July 9, 2020
OLYMPIA, Wash. – Insurance Commissioner Mike Kreidler issued the following statement in response to the U.S. Supreme Court decision in Little Sister of the Poor v. Pennsylvania. In its decision, the court upheld the Trump Administration’s rule that permits employers to deny employees coverage for contraceptives based on the employer’s religious or moral beliefs:
“We are carefully reviewing the Supreme Court ruling, but Washington state has a long history of protecting the health care rights of women and I intend to continue that commitment. Yesterday’s ruling appears to create the risk that for some women, the right to contraception will depend on their employer’s whims and not their own health needs. However, for all plans that are regulated by my office, we will continue to protect women’s reproductive rights.
“All state-regulated health plans are still required to provide benefits under the Affordable Care Act and state law, including contraceptive coverage. Our state conscience clause allows any employer, religiously-sponsored health insurer, provider, or facility to object to providing or paying for a particular service on the basis of religious or moral belief. However, the right of the enrollee to access that covered service is also protected.”
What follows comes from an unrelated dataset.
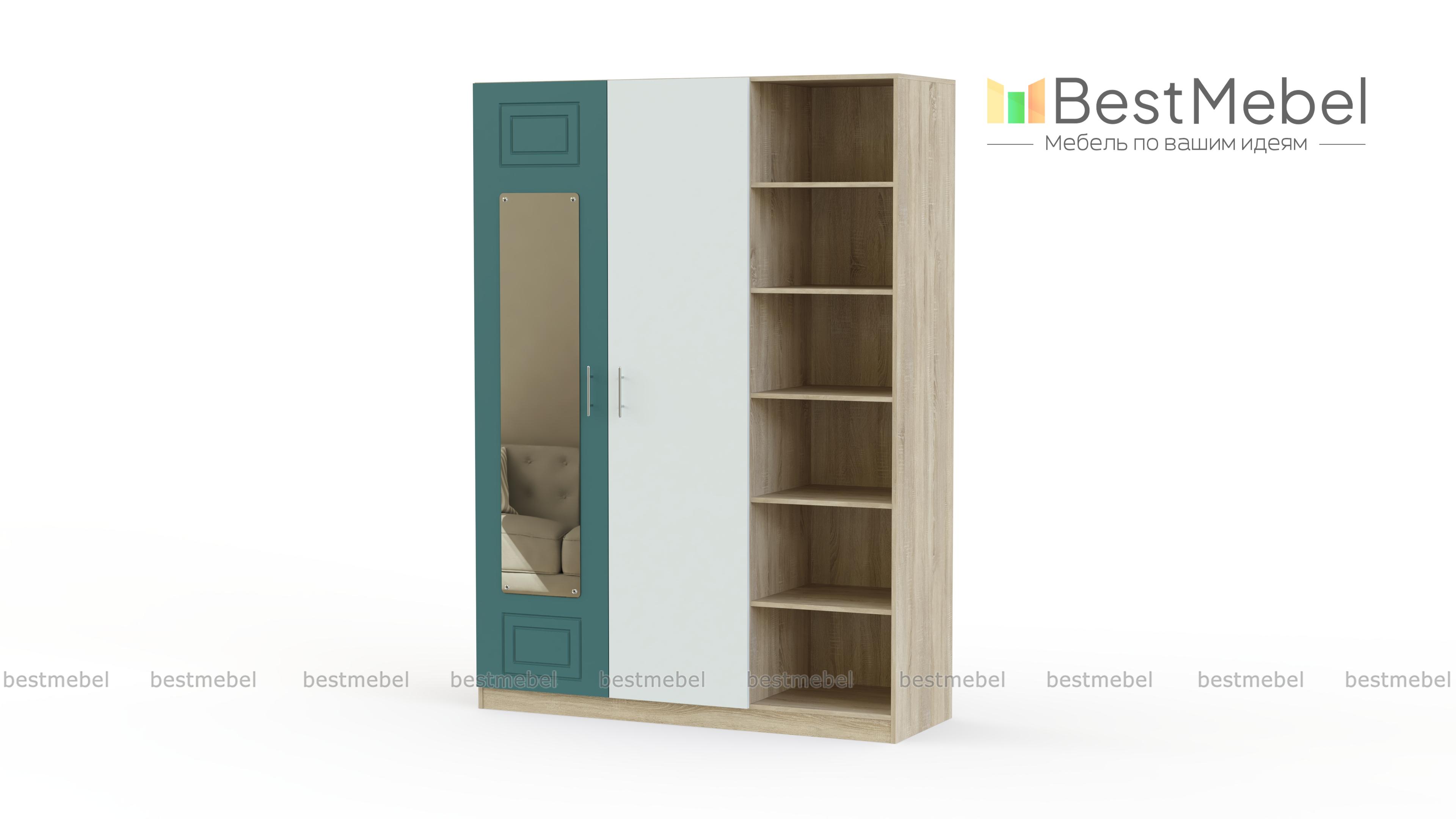 Шкаф с зеркалом Анастасия 4 BMS отличается особенной вместительностью благодаря комбинированной конструкции и элегантным современным дизайном. Двухдверное платяное отделение со штангой дополнено стеллажом с открытыми полками для необходимых в зоне быстрого доступа вещей. Фрезерованные фасады выполнены в контрастных тонах, одна из створок оборудована незаменимым для примерок ростовым зеркалом. Купить шкаф с зеркалом Анастасия 4 BMS для комфортного спального интерьера приглашаем в наш интернет-магазин.

- State-regulated health plans include individual, small employer, large employer and student health plans. Self-funded health plans used by many larger employers are exempt from state law. If you’re unsure of what type of employer-sponsored health plan you have, contact your Human Resources department.
- Under a new state law that took effect on June 11, all state-regulated health plans are required to tell enrollees which mandatory services are excluded by their employer or insurer. But insurers also must let the enrollee know they still have the right to those covered benefits and how to access them in a timely manner.